I use one on my 20g since my filter also sits on the side plus a fluval internal sitting on the back wall and the powerhead on the other side right above the diffuser to push the co2 around the tank

Sent from my BlackBerry 9300 using Tapatalk


----------



## James M

Plants don't need that much flow, and with too much disturbance of the water's surface you're actually REMOVING Co2. I have a small power filter sitting on the left side of a 40 gallon - that's plenty for the entire tank. You don't need to see your plants swaying in current. I would never put a HOB filter plus a power head on a 20 for a planted tank myself. A nano reef - sure.


----------



## bat_billy

Generally the standard I see on this site is a minimum of 10 times the volume of the tank in total flow in the aquarium.

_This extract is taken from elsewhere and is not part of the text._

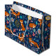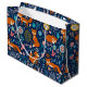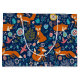 Cute Red foxes med blommor och fåglar i sömlös mönster över blå bakgrund.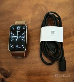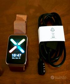 Oppo Watch Free come nuovo, mai utilizzato, fornito con cavo di ricarica originale e cinturino in acciaio dorato magnetico e quello in gomma originale, NO custodia originale

I believe this is the average flow to aim fo and can go higher or lower based on individual needs.

So as an example for a 5 gallon tank:

5 ×10 = 50 gph of total flow.


----------



## Kathyy

Having a ripple on the surface of the water increases gas exchange. Since all the living things in the tank require oxygen and most of us overstock a ripple is a really good idea. If you have set up a Walstad type tank with soil, lots of plants, limited lighting and low fish load then no ripple might work. Walstad is one good way to set up a planted tank but there are many other ways to be successful.

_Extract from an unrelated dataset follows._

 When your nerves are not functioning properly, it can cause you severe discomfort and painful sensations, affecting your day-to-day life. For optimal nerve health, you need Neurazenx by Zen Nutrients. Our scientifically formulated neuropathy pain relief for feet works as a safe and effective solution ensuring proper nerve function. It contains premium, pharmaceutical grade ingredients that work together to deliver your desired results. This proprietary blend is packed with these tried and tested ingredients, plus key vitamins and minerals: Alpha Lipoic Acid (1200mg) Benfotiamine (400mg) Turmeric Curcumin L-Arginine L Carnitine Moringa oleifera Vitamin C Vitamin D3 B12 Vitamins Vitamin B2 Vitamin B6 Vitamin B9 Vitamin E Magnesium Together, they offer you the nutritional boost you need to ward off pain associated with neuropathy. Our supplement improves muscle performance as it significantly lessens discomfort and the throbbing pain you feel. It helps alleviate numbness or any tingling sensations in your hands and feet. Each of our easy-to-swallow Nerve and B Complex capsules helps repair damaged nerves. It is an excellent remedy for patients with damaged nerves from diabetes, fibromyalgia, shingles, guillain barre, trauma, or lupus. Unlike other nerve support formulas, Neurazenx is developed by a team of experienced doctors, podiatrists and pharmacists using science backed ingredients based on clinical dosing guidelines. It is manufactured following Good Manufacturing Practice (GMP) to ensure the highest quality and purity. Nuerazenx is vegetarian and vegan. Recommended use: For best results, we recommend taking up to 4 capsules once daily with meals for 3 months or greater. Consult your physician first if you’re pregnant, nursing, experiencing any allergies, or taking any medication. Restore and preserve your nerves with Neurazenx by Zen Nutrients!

You may notice algae growing in quiet corners. You may notice drifts of debris in quiet corners. More water movement helps with this. Your HOB filter is going to do a good job keeping scum pulled off the surface but it really doesn't move water around the tank that well.


----------



## James M

Ripple is good, gas exchange is good, but there's a point of diminishing returns when plants are in the equation, unlike with the fish. That's for the OP, not you.


----------



## mc1973

I just use the powerhead to make sure debris doesn't collect on one side of the tank.
I'll also use it to prevent any crazy algae growth, but overall if you aren't seeing any problems I wouldn't worry about it.


----------



## Django

+ James M

I agree. This is the subject of an old debate - atmospheric CO2 into the tank by airstone or HOB, or dissolved CO2 leaving the tank. I don't really understand it yet but I've read over material on the *partial pressure of a gas dissolved in a liquid* (water) and the partial pressure of CO2 in the air.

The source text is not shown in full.